Problem description: What you return should be every line below, word for word, and none of the images.

Collected material:
>>>>>
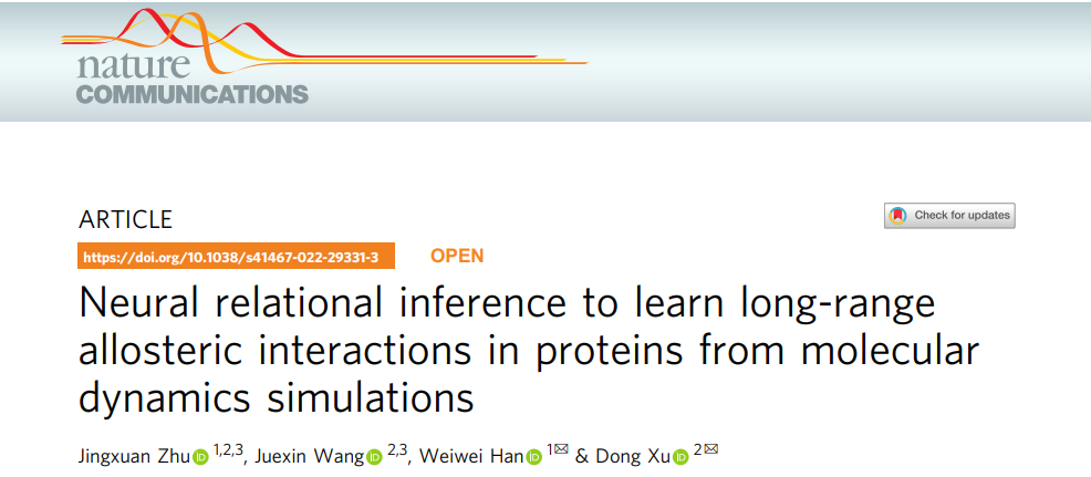 韩葳葳教授、美国密苏里大学电气工程和计算机科学系许东教授科研团队提出一种高效、可操作性强的分子动力学模拟分析方法(NRI-MD),该方法首次将深度学习的图神经网络(GNN)运用于分子动力学模拟分析,基于模拟轨迹的原子速度和位置数据,通过神经关系推理模型(NRI)直接推断出酶分子动力学模拟中残基的相互作用模式,推断出酶的别构调控路径以及氨基酸突变后相对自由能的变化。NRI-MD模型的提出为蛋白质(酶)结构-功能研究领域提供了一种新构架,有望开辟酶分子设计的新模式。研究成果于2022年03月29日在学术期刊《Nature Communications》正式发表(Neural relational inference to learn long-range allosteric interactions in proteins from molecular dynamics simulations)。论文第一完成单位为楠楠漫画
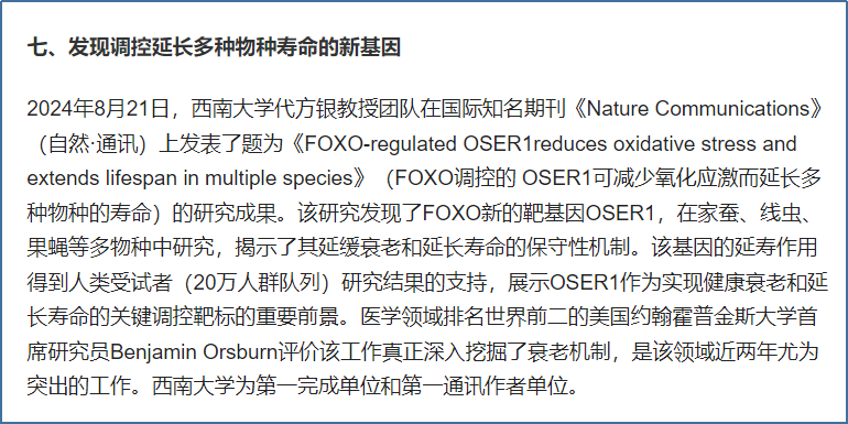 代方银教授团队的研究成果“发现调控延长多种物种寿命的新基因”入选,在入选的12项成果清单中位列第七。
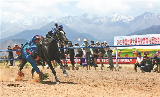 骑手在甘肃肃南裕固族自治县进行马术表演 新华社发 |
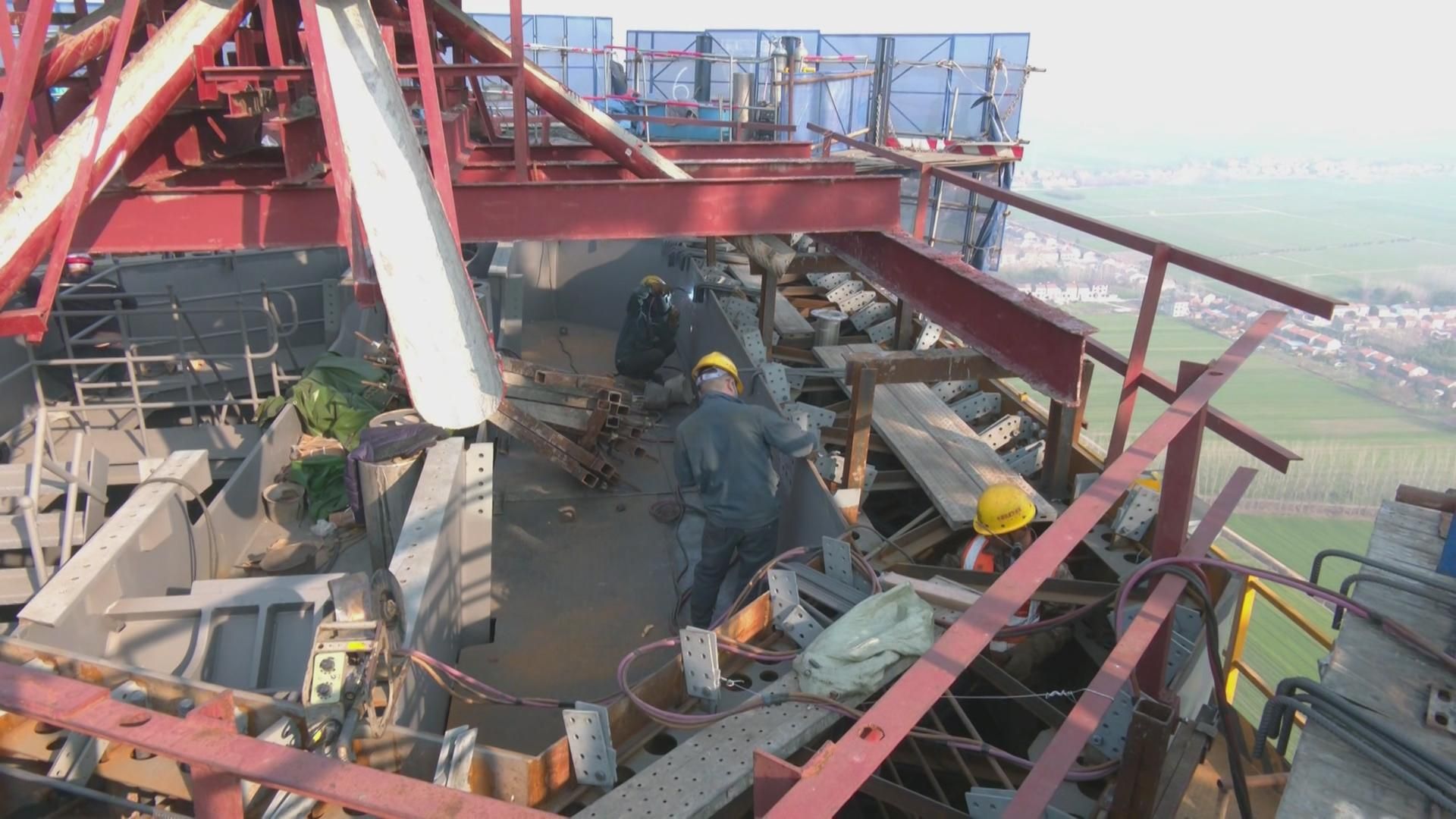 中国铁建大桥局武松高速江陵至松滋段2标项目主塔主管工程师杨思哲说:“我们主塔后续预计增加施工人员至70人,进行24小时连班作业,确保主塔的钢壳阶段以三天一节的速度持续长高。”
<<<<<
Expected answer:
 韩葳葳教授、美国密苏里大学电气工程和计算机科学系许东教授科研团队提出一种高效、可操作性强的分子动力学模拟分析方法(NRI-MD),该方法首次将深度学习的图神经网络(GNN)运用于分子动力学模拟分析,基于模拟轨迹的原子速度和位置数据,通过神经关系推理模型(NRI)直接推断出酶分子动力学模拟中残基的相互作用模式,推断出酶的别构调控路径以及氨基酸突变后相对自由能的变化。NRI-MD模型的提出为蛋白质(酶)结构-功能研究领域提供了一种新构架,有望开辟酶分子设计的新模式。研究成果于2022年03月29日在学术期刊《Nature Communications》正式发表(Neural relational inference to learn long-range allosteric interactions in proteins from molecular dynamics simulations)。论文第一完成单位为楠楠漫画
 代方银教授团队的研究成果“发现调控延长多种物种寿命的新基因”入选,在入选的12项成果清单中位列第七。
 骑手在甘肃肃南裕固族自治县进行马术表演 新华社发 |
 中国铁建大桥局武松高速江陵至松滋段2标项目主塔主管工程师杨思哲说:“我们主塔后续预计增加施工人员至70人,进行24小时连班作业,确保主塔的钢壳阶段以三天一节的速度持续长高。”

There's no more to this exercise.